Продолжение. Начало - здесь, оригинальный текст - здесь.
продолжение отступления
Выйдя в коридор, я сразу же увидел свою Блинни. Приятно, что была она не одна - за талию её придерживал уже знакомый мне молодой мистер Мацелл.
Я от души потряс его руку:
- Спасибо вам, сэр, за заботу. Вы так много делаете для нас. Моя крошка, я вижу, чем-то напугана? Это ничего. Пройдёт. Милая, - нежно пододвинулся я к Блинни, - не хотите ли вместе со мной ощупать свежий труп? В этой комнате такой найдётся.
- Мне того, как вы блистали на сцене, вполне хватило для обморока.

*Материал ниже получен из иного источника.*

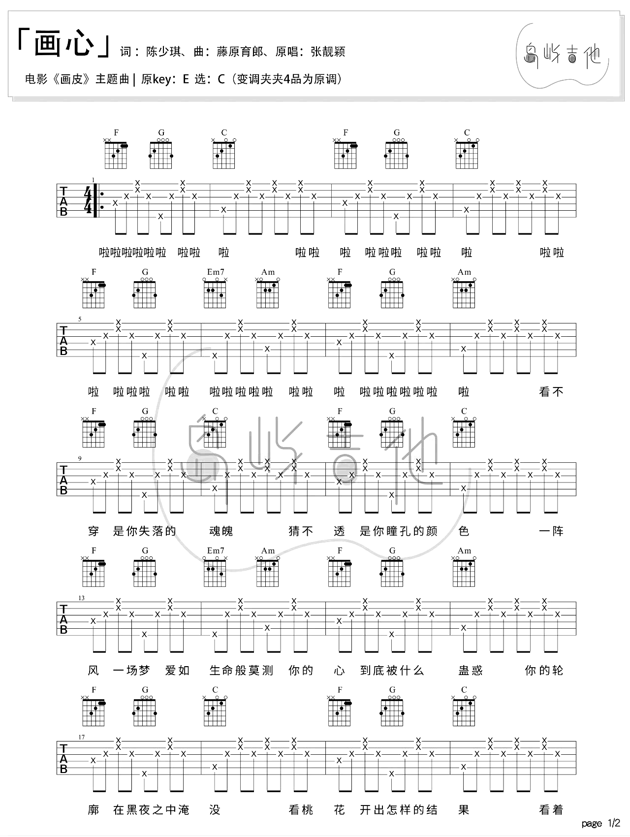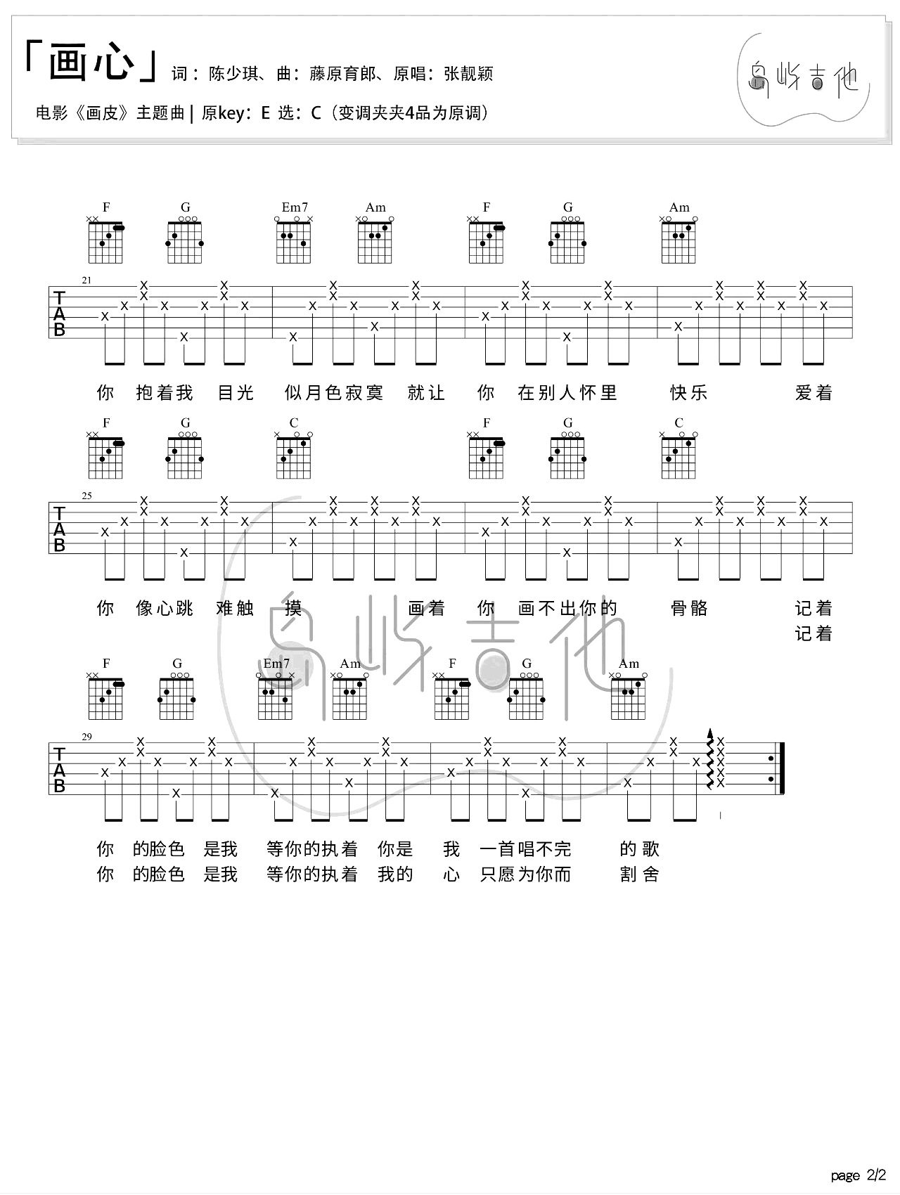 曲谱介绍: 画心吉他谱,张靓颖为电影《画皮》演唱的主题曲,。原调E选调C,变调夹夹四品为原调,《画皮》吉他弹唱谱,两张图片六线谱。 这首歌不但旋律动人,仅歌曲开头的吟唱就足以勾人魂魄。这段吟唱是张靓颖“擅自做主”加入的,目的就是为了迎合剧情,把让人意味深长的情感都表达出来,而这首歌也像电影一样被大家喜欢着。
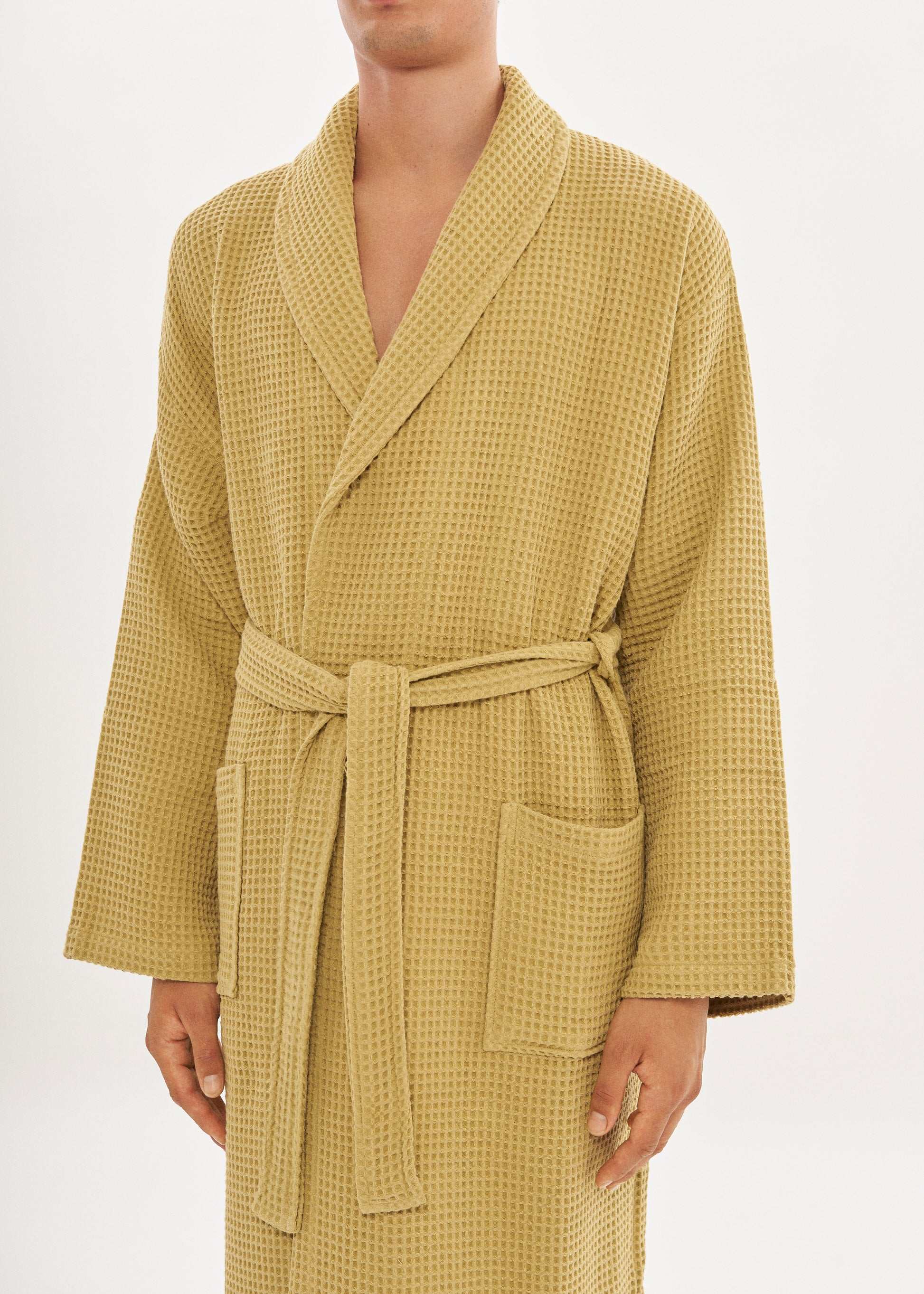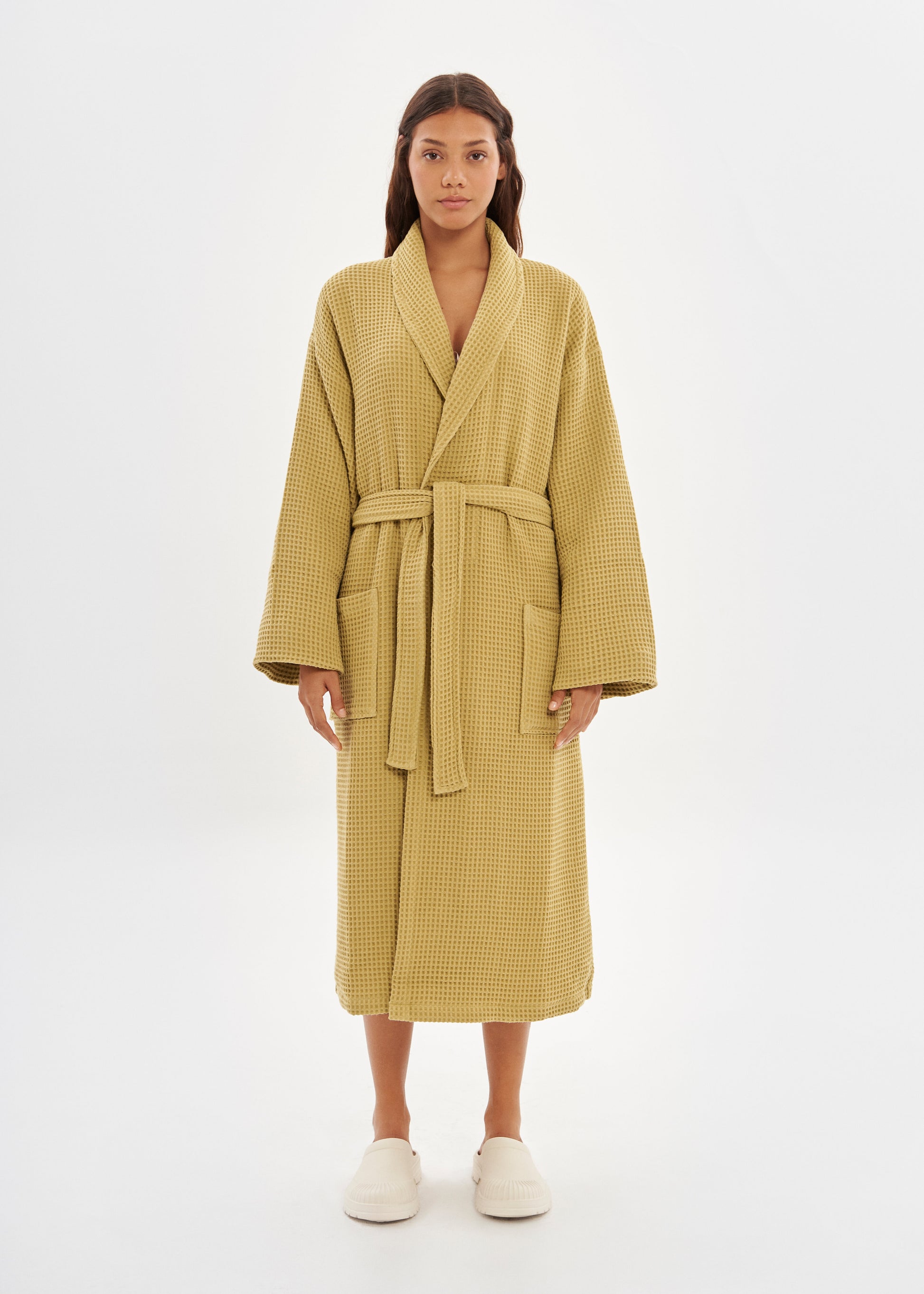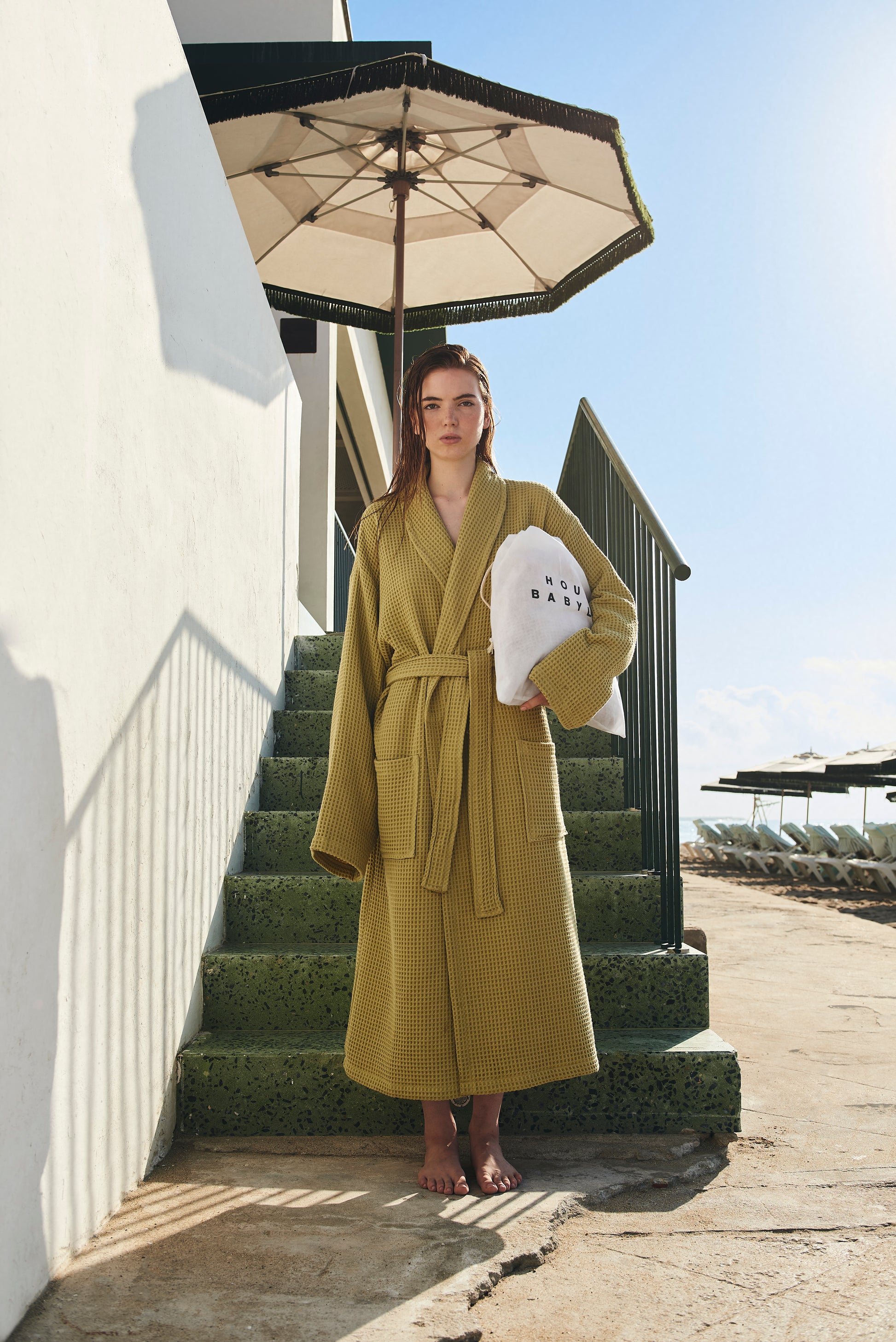 House Babylon’s waffle bathrobe is crafted from organic Turkish cotton and are Oeko-Tex certified to be fully free of any harmful chemicals. The waffle bathrobe is lightweight, softly textured and woven at 230 grams per square meter. This unisex bathrobe offers a relaxed fit featuring a lapel, a removable belt and capacious pockets. Made in Turkey.

- Вы...вот что, - я напряжённо посмотрел на них обоих, - досматривайте пока оперу - она, по-моему, всё ещё идёт. А я, скромный сыщик, должен помочь в беде добрым служителям Мельпомены. Никак не могу оставить моего друга одного. Убита женщина, и найти преступника - это дело нашей совести. Да, друзья мои, искать убийцу - дело коллективное.
В этот момент в толпу протиснулся актёр в костюме то ли червяка, то ли крупного кузнечика.
- Болдуин Тугодумович, служебный вход взорван. Это, я буду точен, ни в какие ворота.
Режиссёр посмотрел на него с длительным отвращением.
- Какого чёрта! Вы почему не на сцене?
- Здравствуйте добрый день, мой выход в четвёртом акте.
- Чего ж вас тогда понесло на служебный вход? Опять чужих женщин запускать? Чтоб тут их таскать за носы?
- Уборщица вопила воплем - вот я и отклонился.
- Час от часу не проще, - едко скривился режиссёр, - у нас не театр, а побоище. Скажите-ка, Орхидей Ариэлевич, вы сегодня случайно не целились в нашу Экспоненту Уховну, не стреляли из пистоля?
Актёр брезгливо сплюнул:
- Не имею такой привычки. Пела она, конечно, как ведьма, но нервы мои давно окрепли.
Режиссёр, видя нарастание толкучки, проорал над головами воззвание:
- Неплохо б, господа, чтоб вы отсюда никуда не разбегались. Мы ждём полицию, надо будет принять.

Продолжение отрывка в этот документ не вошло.